I guess I don't really have to explain what JobQueue does, as the name basically says it all: Using this, you can queue jobs that need to be performed. I usually use cronjobs for this, but that is especially useful for jobs that you know will need to be done. If you want to dynamically queue jobs, it's getting more complicated: You'll then have to have a cronjob that looks into a custom built queue (probably a database) to run certain tasks. Nice, but can be annoying, mostly because the whole queue and execution logic needs to be developed by you yourself.
In the case of Zend Platform's JobQueue, all this is taken care of by Zend Platform. It even provides some nice classes to connect to the queue and add jobs to it, or even manage jobs. For a project I'm currently working on at work, we use this technology, and even though I've just been working with this for a very short while, I'm very impressed at the ease of use of this.

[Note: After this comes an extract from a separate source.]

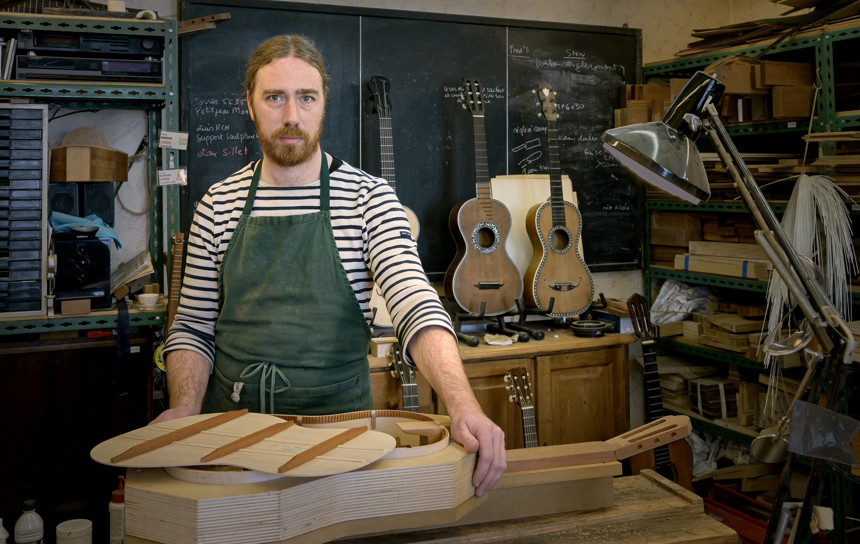 Pierre-Alexandre. Bellest – Estudié la guitarra de los 8 a los 18 años, pero me di cuenta que actuar en público dando conciertos no era mi vocación, como tampoco la enseñanza, pero me gustaban los trabajos manuales y comencé a interesarme en la fabricación de guitarras. En 2006, mi primer paso fue seguir un cursillo de Stephen Hill en Inglaterra. Construir mi primera guitarra fue una emoción inolvidable que me llevó a seguir los cursos del Newark Collegue también en Inglaterra. Al final de los

So why is it useful? Well, as I already mentioned, aside from simply planning recurring jobs at specific times, you can aso dynamically add jobs to the queue. This is especially useful if you need to do resource-intensive or time-consuming processing that you don't want the user to wait for. You simply add the job of processing to the queue, and the user page can load with an acceptable speed. The job will do the processing (you define the script which does the processing). You need of course to take into account that depending on the length of the queue or the load on the server, processing can take a while, and not depend on the result of the processing in any scripts without ensuring that things can also work without the result.
The JobQueue is not a key selling point for the platform, but if you have Zend Platform available, then it's well worth your time looking at using it if you need something like this.